Doctors' lobby urges Congress to prevent steep Medicare cut

Blaming congressional inaction, the nation's largest doctors' lobby is urging lawmakers this month to block a steep cut scheduled to hit Medicare doctors at the start of December.

The American Medical Association (AMA) is warning that a failure to prevent the cut would be "a catastrophe for seniors" because many doctors would stop seeing Medicare patients altogether. Physicians are facing a 23 percent cut on Dec. 1, and an additional 1.9 percent cut is scheduled for Jan. 1. 

"This is not about doctors," AMA President Cecil Wilson told reporters on a press call Monday. "It's about access to care for senior citizens."

Wilson minced no words about where the blame for the cuts should rest. "It's not AMA that's not fixing the problem. This is a congressional problem."

Lawmakers, he added, "are putting the lives and health of seniors at risk."

AMA is endorsing a temporary pay patch, delaying the cuts for 13 months and providing a 1 percent pay increase for doctors instead. The time cushion will allow Congress next year to consider ways to scrap the 13-year-old formula — the Sustainable Growth Rate (SGR) — that dictates Medicare physician payments, replacing it with a system that better reflects the true cost of delivering care, AMA says.

It's hardly a new argument. 

The SGR was designed to prevent Medicare doctor payments from bankrupting the program by indexing reimbursements to the growth of the economy. Because healthcare inflation has risen much faster than GDP in recent years, the SGR has called for physician cuts every year since 2002. Congress, however, has usually stepped in with temporary patches to prevent those cuts.

Years of kicking the can down the road, though, has caused the cuts to compound, leading to next month's scheduled 23 percent reduction.

Fixing the problem — even patching it — doesn't come cheap.

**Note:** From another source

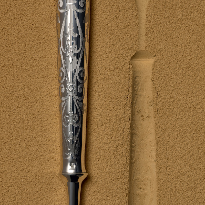 Met deze decoratie techniek worden delicate, geometrische patronen van slechts een tiende van een millimeter breed op de heften gegraveerd

The cost to delay the cut by 13 months is estimated at $15 billion. A permanent fix would run well above $200 billion — so expensive that Democrats never even tried to include it as part of the new healthcare reform law.

Lawmakers on both sides of the aisle agree the SGR is flawed and needs reforming, but cost concerns have always prevented a permanent fix — a hurdle that only got higher after Tuesday's elections, which were largely a referendum on deficit spending.